Public sector organisations vulnerable to cyber attacks


By Dylan Bushell-Embling
Tuesday, 30 July, 2019


Public sector organisations vulnerable to cyber attacks

Nearly half of security professionals at public sector organisations across seven markets including Australia say attackers will breach their network every time they try, new research from CyberArk indicates.

A survey of security professionals in Australia, the UK, the US, France, Germany, Israel and Singapore found that 47% of public sector respondents have experienced at least one cyber attack that impacted operations during the past three years.

More than two-thirds (68%) of respondents from the sector admit that their organisation is susceptible to a carefully targeted attack.

The greatest public sector security risks are considered to be ransomware or malware (60%), phishing or other external attacks (57%), cloud security risks (42%), excess administrative privileges (41%), insider threats (41%), shadow IT practices (38%) and unmanaged privileged access (37%).

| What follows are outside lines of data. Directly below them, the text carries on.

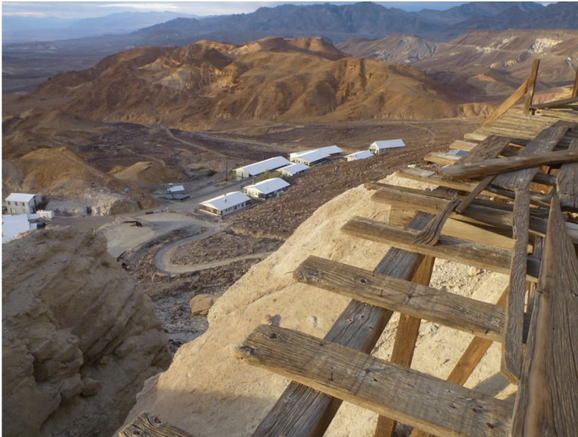
A view of Ryan looking northwest from the Upper Biddy McCarty Mine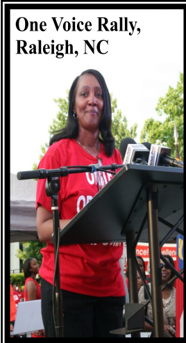
One Voice Rally, Raleigh, NC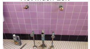
90 Years Later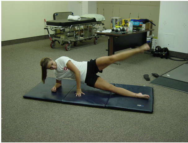
Figure 1 Lateral plank with hip abduction.

without leg lifts (Figure 1). 4 Exercises performed during this time period should focus more on developing efficient neural activation pathways than on increasing muscular hypertrophy. 5 This is particularly true for reestablishing quadriceps femoris neuromuscular activation often with the assistance of electrical muscle stimulation and bio-feedback techniques.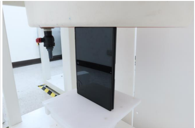
Edge4 at 0 mm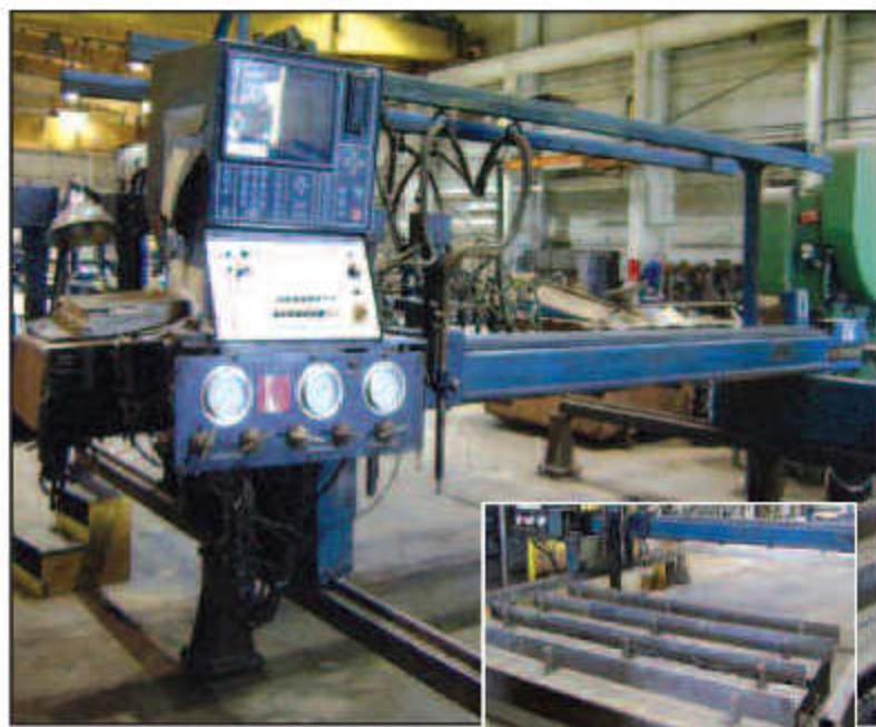
K.M. ARONSON 6-HEAD PLASMA CUTTING SYSTEM

(2) MILLER Submerged Arc Welding Systems (Interconnected as one), 4-Wire Feed Reels, Controller - M/N HDC1500DX, New 2010 w/(2) Weld Eng. "The Mighty-Mac" Flux Recovery / Vac Systems, M/N PS-3000, New 2013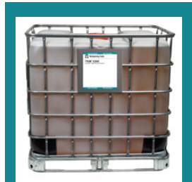
270-gallon tote SKU: E860-270G UPC-12: 641238081883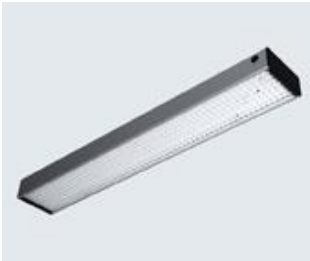
CERTO - CER 236

connected load fitted with work equipment mains lead luminaire body material surface luminaire base form weight (net) fastening technology usage glare-free class of protection colour luminaire body article no.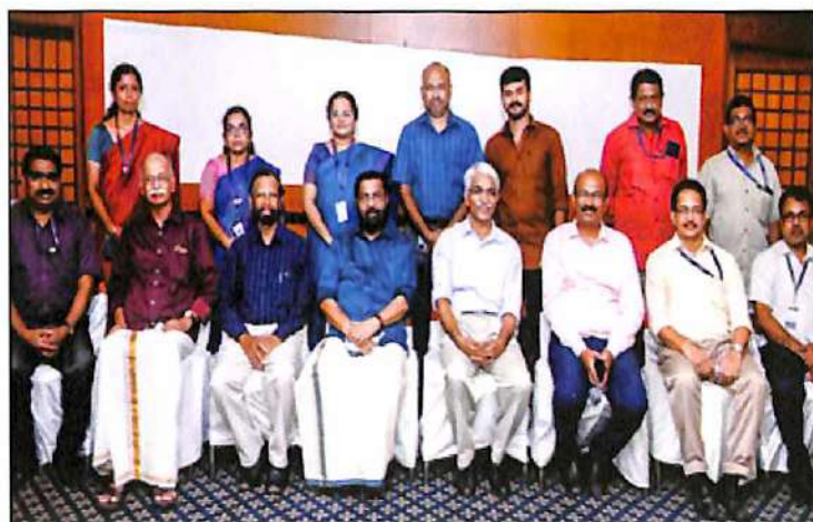
Shri Kadakampally Surendran, Minister along with Kerala Cooperative Audit Manual Revision Team

Readers inputs and suggestions are welcome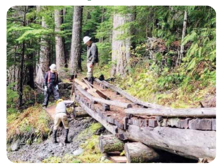
By Rebecca Wanagel, Peninsula Chapter Backcountry Horsemen

Location: Lower Dungeness, Olympic National Forest (a multi-use trail including stock)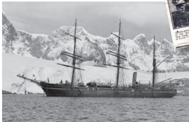
RRS Discovery 1901-2 (Photographer unknown, British Antarctic Survey).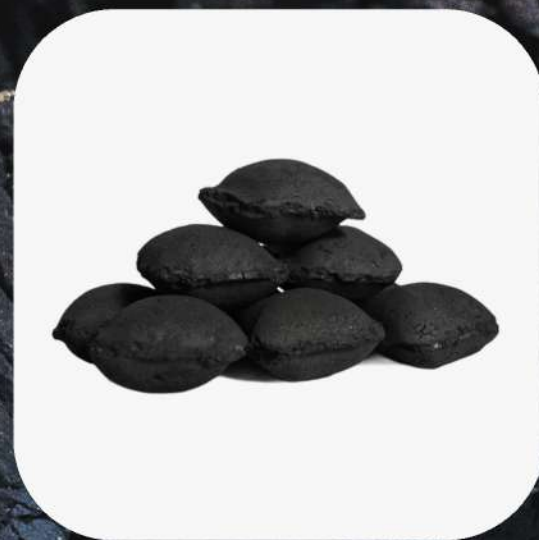
Pillow (in mm)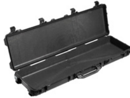
1750NF No Foam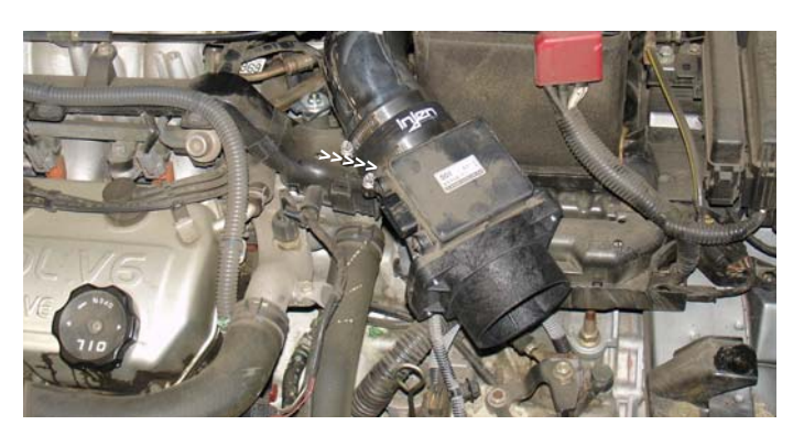
Take the assembled MAFS and press the outlet end into the 3 1/4" hose on the intake. Locate the MAFS for best fit and semi-tighten the large clamps used.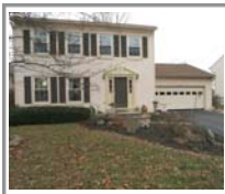
13531 Spinning Wheel Dr. Gaithersburg Churchill Town Sector Sold - August 25, 2010 $345,000

But while 81% of respondents agree that IT infrastructure and critical data are not fully protected unless privileged accounts, credentials and secrets are secured, only 45% have a privileged access security strategy in place for protecting business-critical applications, and only 41% have such a strategy for cloud infrastructure.

The report did find that public sector organisations are increasingly aware of cyber risks, with 78% of respondents stating that their organisation has prioritised cybersecurity as an important investment for the business.

But despite this, the public sector was the least prepared for complying with data breach notification regulations of all sectors covered in the report. For example, only 36% reported being prepared to issue a data breach notification within the 72-hour window mandated by the EU’s General Data Protection Regulation (GDPR).

In addition, 36% of public sector organisations would be willing to pay fines for non-compliance with major regulations but would not change security policies even after experiencing a successful cyber attack.